YOUR INSTRUCTIONS
Output only the lines that run from the line holding "ظرفیت حجم آب" to the end of the data below, including both ends, without any pictures.

== RECORDS FOR THIS TASK

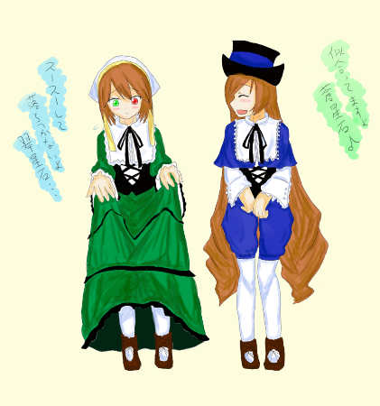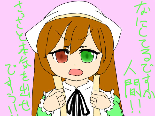 こんばんはー。今日は土曜日でしかも授業参観だったので3時間で終わったのだ。帰ってきて何をしたかというと、ディスガイア↓レベル上げ↓失敗してリセット↓やる気なくす↓vip↓絵描きスレ↓頑張るというわけでVIPの某絵描きスレで投下させていただいた絵を載せます。うpppppppp「鞄から勢いよく飛び出してくる翠星石」というお題をもらって描いたもの。見てのとおり、雑です。スピード感が全く出せません。「テニスのダブルスをしているドールズ」と「線香花火をしている蒼星石」と「エロおkな気分ならふたなり翠を騎乗位する蒼 えろNGなら俺(orJUMor梅岡or兎)をクロスボンバーする双子 」のみっつのお題をいただいたので全部混ぜてみた反省はしていない線香花火が全然目だってなくてちょっとなさけない気持ちになりました。というわけで描きましたお題をほとんどクリアできていなかったので描かせていただきました。線香花火の周りを明るくするのを忘れたのが失態でした。あとかおがおかしいです。「長座体前屈をする銀様」というお題をいただいて描いたものです。俺の頭の中では長座体前屈=体育着+今は消え去りしブルマなので着せました。「翠をセクハラする蒼」というお題をいただいて描いたものです。なんか全然えろくねーこの絵を描き終わったらぷつんと集中力が切れてかけなくなってしまいました。これを描いた時は「えろいwww」と言ってくれた方もいるんですが、やっぱりえろくねーなー。エロ絵を習得しないと二次元までもエロ規制がくるときに自己発電ができなくなるではないかまあそのために絵を描いてるわけじゃないんだけどね以上ですね。ちなみに投下した順番通りです。少しずつ丁寧になってますね。最初が雑すぎた。じゃあ明日部活の試合の応援にいくんでまた次回お会いしましょうさよなら
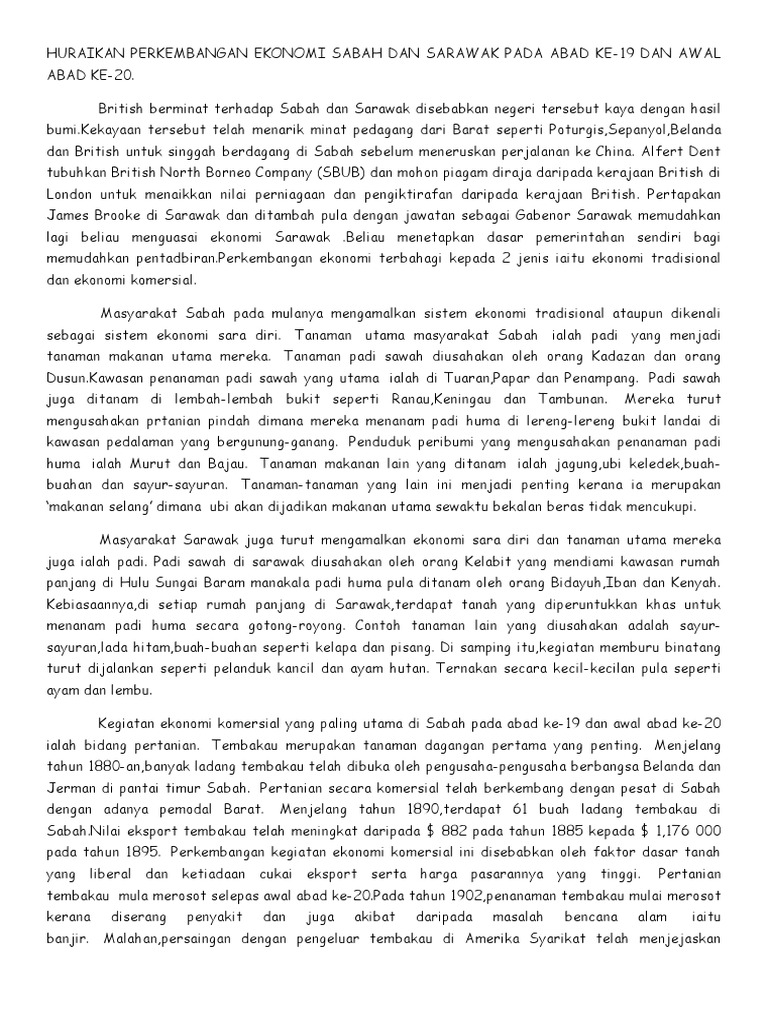 Huraikan Perkembangan Ekonomi Sabah Dan Sarawak Pada Abad Ke Pdf
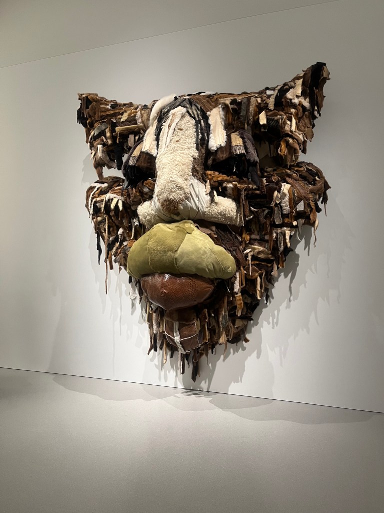 Uwagę przykuwa praca Tau Lewis. Artystka, do stworzenia „Angelus Mortem”, wykorzystała zwierzęce futra, które zostały porzucone przez właścicieli w salonach kuśnierskich Nowego Jorku. Jej dzieło wygląda jak kocia głowa, miękka i puszysta, dopiero kiedy dostrzeże się materiał z którego powstała, zmienia się jej odbiór. Tworząc „Angelus Mortem” Lewis nawiązała do afrykańskiej tradycji ludu Joruba, który zajmuje się wytwarzaniem rękodzieła.
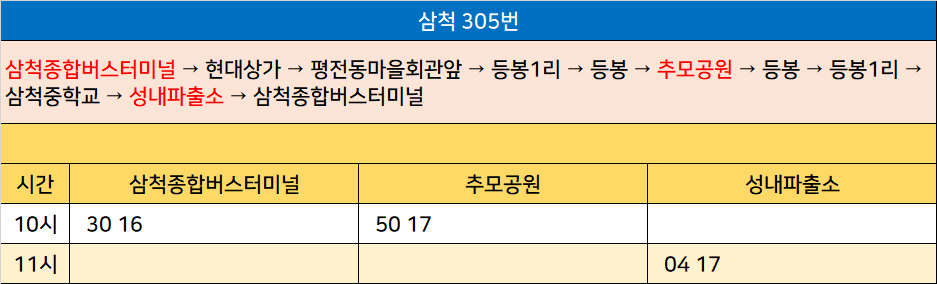 삼척 305번: 삼척종합버스터미널 → 현대상가 → 평전동마을회관앞 → 등봉1리 → 등봉 → 추모공원 → 등봉 → 등봉1리 → 삼척중학교 → 성내파출소 → 삼척종합버스터미널
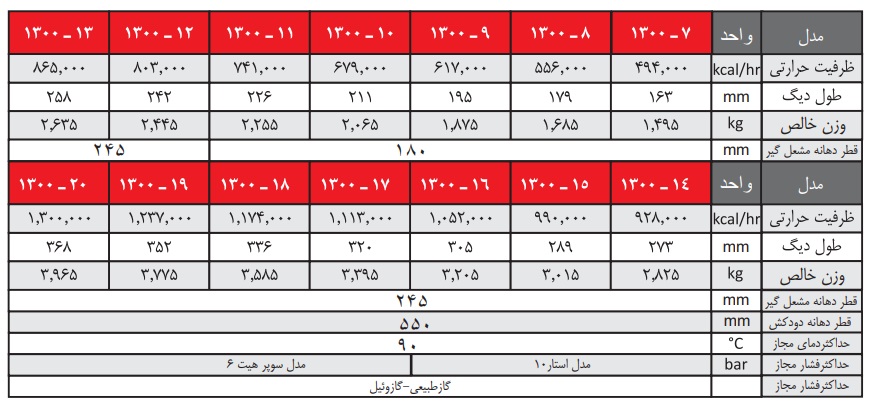 ظرفیت حجم آب موجود در دیگ از ۱۱۰ لیتر تا ۳۰۰ لیتر
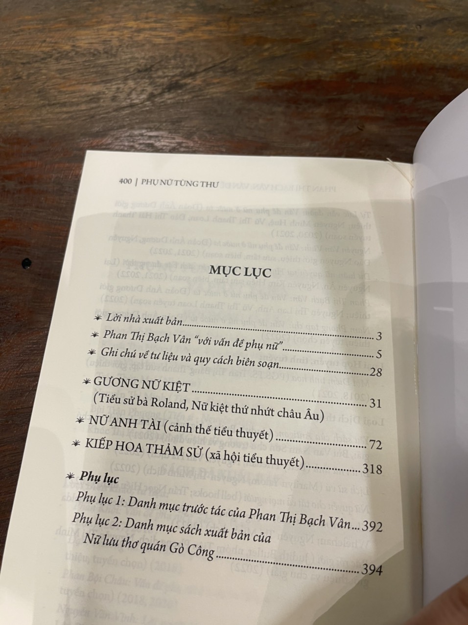 Cuốn sách giới thiệu tới bạn đọc 03 tác phẩm tiêu biểu của nữ sĩ Phan Thị Bạch Vân, bao gồm cả dịch thuật và sáng tác, những tác phẩm đề cập trực tiếp và thẳng thắng các vấn đề rào cản trong tâm tưởng người phụ nữ đầu thế kỉ XX, từ đó đả kích xã hội đương thời, động viên phụ nữ trước nhất là đổi mới tư duy về chức phận, sau là tự mình thay đổi, tìm con đường của riêng mình, tự lập, tự chủ, gánh vác những trọng trách lớn lao, bình đẳng như bao công dân khác trong xã hội. 03 tác phẩm gồm Gương nữ kiệt (Tiểu sử bà Roland, nữ kiệt thứ nhứt châu Âu), Nữ anh tài (cảnh thế tiểu thuyết) và Kiếp hoa thảm sử (xã hội tiểu thuyết). Ngoài việc đưa trực tiếp những tư tưởng mới về đổi mới thân phận người đàn bà vào lời văn, câu thoại các nhân vật trong tác phẩm, điểm hay trong bút văn của Phan Thị Bạch Vân chính bởi sử dụng những lối văn, câu từ truyền thống của Nam Bộ, nói cách khác là dùng một “phông nền” văn chương gần gũi với dân chúng để rồi “thay da đổi thịt”, kể những câu chuyện li kì kiểu mới và ngầm cổ vũ cho tinh thần văn chương không bi lụy, không nặng đạo lí gò ép người đàn bà. Đó là thành công đáng nể trong cả một công cuộc giải phóng nữ giới mà bà tạo dựng, cũng để thấy vai trò không nhỏ của bà trong nền văn học Nam Kỳ đầu thế kỷ XX.
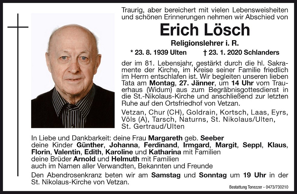 Wir begleiten unseren lieben Tata am Montag, 27. Jänner, um 14 Uhr vom Trauerhaus (Widum) aus zum Begräbnisgottesdienst in die St.-Nikolaus-Kirche und anschließend zur letzten Ruhe auf den Ortsfriedhof von Vetzan.

====

RESULT
 ظرفیت حجم آب موجود در دیگ از ۱۱۰ لیتر تا ۳۰۰ لیتر
 Cuốn sách giới thiệu tới bạn đọc 03 tác phẩm tiêu biểu của nữ sĩ Phan Thị Bạch Vân, bao gồm cả dịch thuật và sáng tác, những tác phẩm đề cập trực tiếp và thẳng thắng các vấn đề rào cản trong tâm tưởng người phụ nữ đầu thế kỉ XX, từ đó đả kích xã hội đương thời, động viên phụ nữ trước nhất là đổi mới tư duy về chức phận, sau là tự mình thay đổi, tìm con đường của riêng mình, tự lập, tự chủ, gánh vác những trọng trách lớn lao, bình đẳng như bao công dân khác trong xã hội. 03 tác phẩm gồm Gương nữ kiệt (Tiểu sử bà Roland, nữ kiệt thứ nhứt châu Âu), Nữ anh tài (cảnh thế tiểu thuyết) và Kiếp hoa thảm sử (xã hội tiểu thuyết). Ngoài việc đưa trực tiếp những tư tưởng mới về đổi mới thân phận người đàn bà vào lời văn, câu thoại các nhân vật trong tác phẩm, điểm hay trong bút văn của Phan Thị Bạch Vân chính bởi sử dụng những lối văn, câu từ truyền thống của Nam Bộ, nói cách khác là dùng một “phông nền” văn chương gần gũi với dân chúng để rồi “thay da đổi thịt”, kể những câu chuyện li kì kiểu mới và ngầm cổ vũ cho tinh thần văn chương không bi lụy, không nặng đạo lí gò ép người đàn bà. Đó là thành công đáng nể trong cả một công cuộc giải phóng nữ giới mà bà tạo dựng, cũng để thấy vai trò không nhỏ của bà trong nền văn học Nam Kỳ đầu thế kỷ XX.
 Wir begleiten unseren lieben Tata am Montag, 27. Jänner, um 14 Uhr vom Trauerhaus (Widum) aus zum Begräbnisgottesdienst in die St.-Nikolaus-Kirche und anschließend zur letzten Ruhe auf den Ortsfriedhof von Vetzan.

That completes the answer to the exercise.